▶ [Task instructions] This calls for a verbatim copy of all the data, with no images carried over.

▶ [Supplied information]
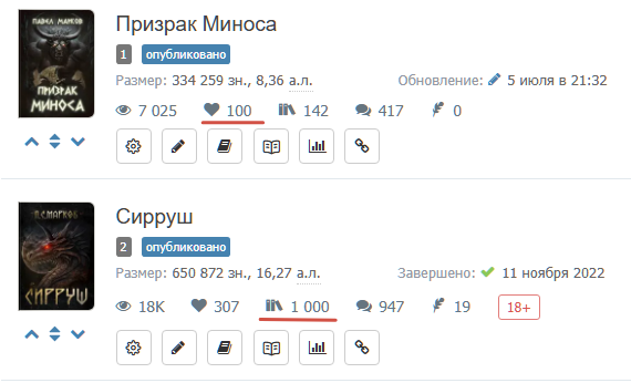 Во-первых, глядите на эти циферки — тысяча библиотек на «Сирруше» и сотня лайков на «Призраке Миноса»!
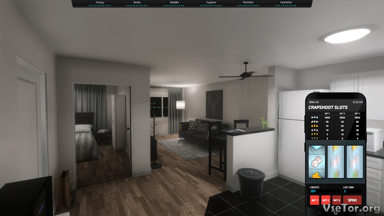 Самое приятное в этой игре, это разнообразие процессов и задач. Но начнем с самого главного – например, вам нужно будет где-то спать и отдыхать, и вы должны будете решить, на что потратить заработанные деньги, на обычное арендованное жилье, на дорогую квартиру, если хватит денег, или на что другое. Причем, выбирать есть из чего. Вы можете даже просто ночевать в подвальных помещениях метро.
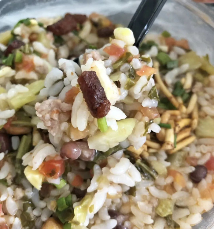 以酸菜豆米为制作原料,放入番茄一起烹煮,加热时加入米饭,令其充分吸饱浓稠的汤汁,最后放入葱花、脆哨、折耳根,炸花生提香。
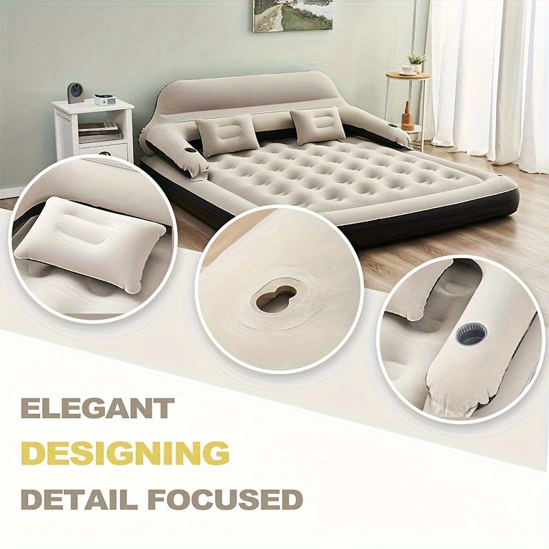 Самонадувающийся двухместный надувной матрас с подушками для кемпинга, изготовленный из не заряженного полиэфирного волокна. Ремонтный комплект и мешок для хранения не включены.
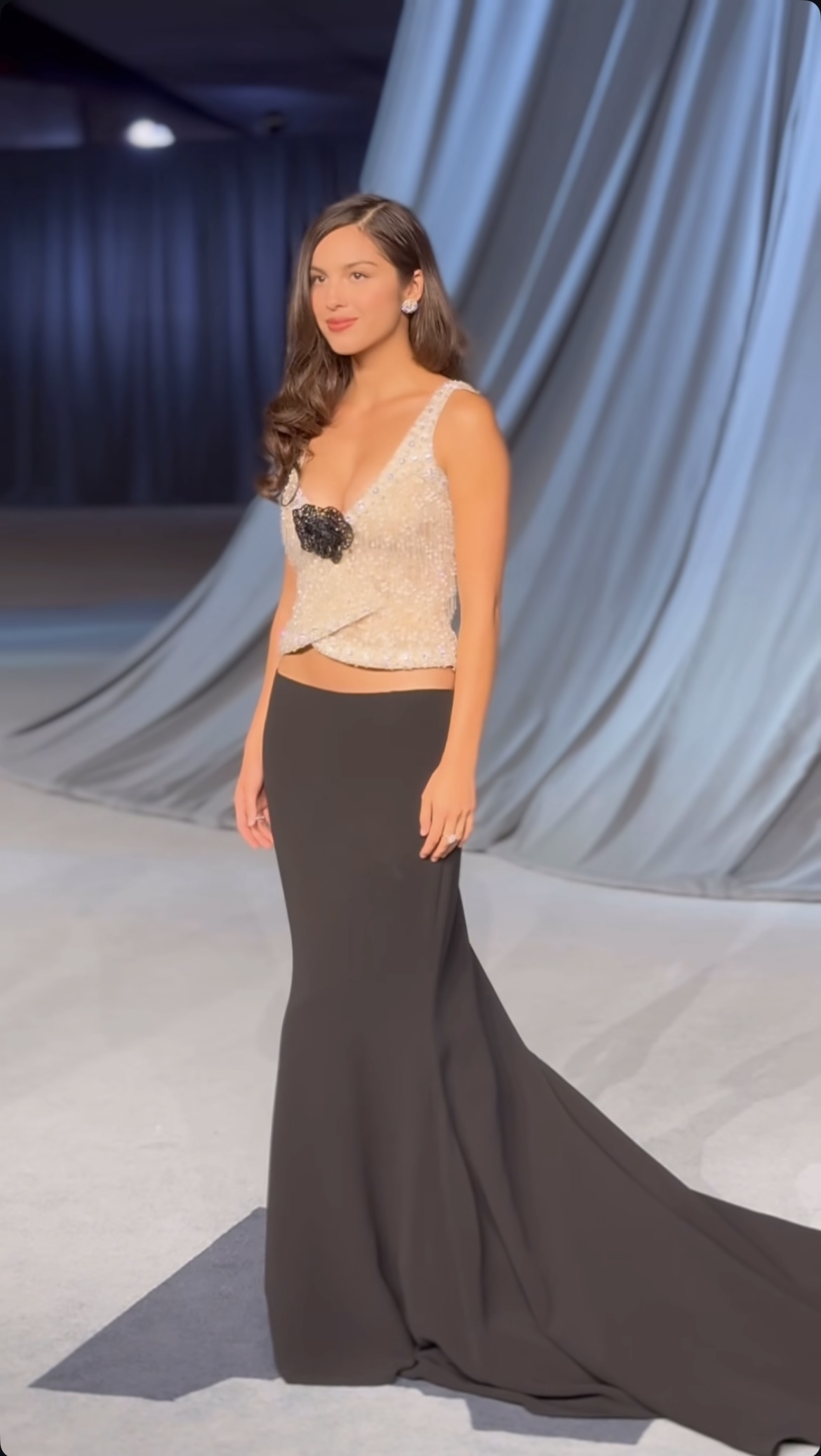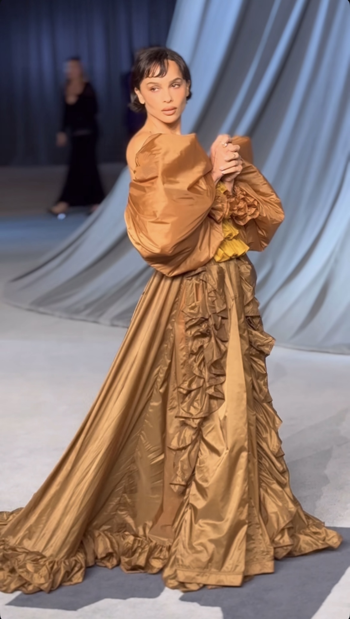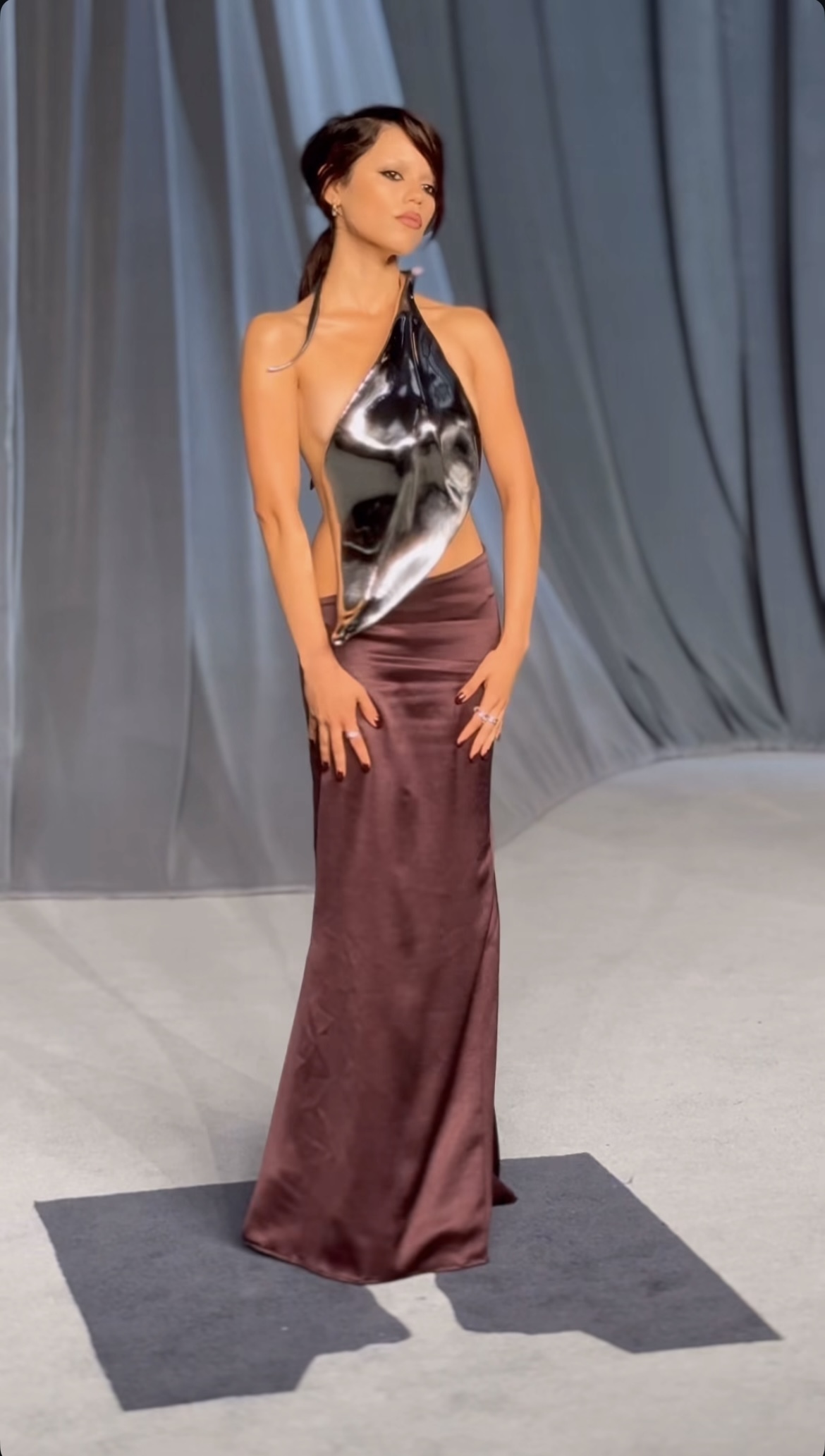 A filha de Kris Jenner surgiu à frente dos jornalistas com um vestido nude da Maison Margiela, todo ele justo ao corpo e que realçava a parte das costelas e do peito, para não falar da sua cintura. Nos braços, Kim Kardashian tinha duas longas peças do tecido do vestido e, na cabeça, a empresária contava com mais tecido ainda, que cobria desde o topo até ao pescoço. À mostra só tinha a parte do peito, que estava bem decorado com um grande colar cheio de diamantes.

▶ [Exercise solution]
 Во-первых, глядите на эти циферки — тысяча библиотек на «Сирруше» и сотня лайков на «Призраке Миноса»!
 Самое приятное в этой игре, это разнообразие процессов и задач. Но начнем с самого главного – например, вам нужно будет где-то спать и отдыхать, и вы должны будете решить, на что потратить заработанные деньги, на обычное арендованное жилье, на дорогую квартиру, если хватит денег, или на что другое. Причем, выбирать есть из чего. Вы можете даже просто ночевать в подвальных помещениях метро.
 以酸菜豆米为制作原料,放入番茄一起烹煮,加热时加入米饭,令其充分吸饱浓稠的汤汁,最后放入葱花、脆哨、折耳根,炸花生提香。
 Самонадувающийся двухместный надувной матрас с подушками для кемпинга, изготовленный из не заряженного полиэфирного волокна. Ремонтный комплект и мешок для хранения не включены.
 A filha de Kris Jenner surgiu à frente dos jornalistas com um vestido nude da Maison Margiela, todo ele justo ao corpo e que realçava a parte das costelas e do peito, para não falar da sua cintura. Nos braços, Kim Kardashian tinha duas longas peças do tecido do vestido e, na cabeça, a empresária contava com mais tecido ainda, que cobria desde o topo até ao pescoço. À mostra só tinha a parte do peito, que estava bem decorado com um grande colar cheio de diamantes.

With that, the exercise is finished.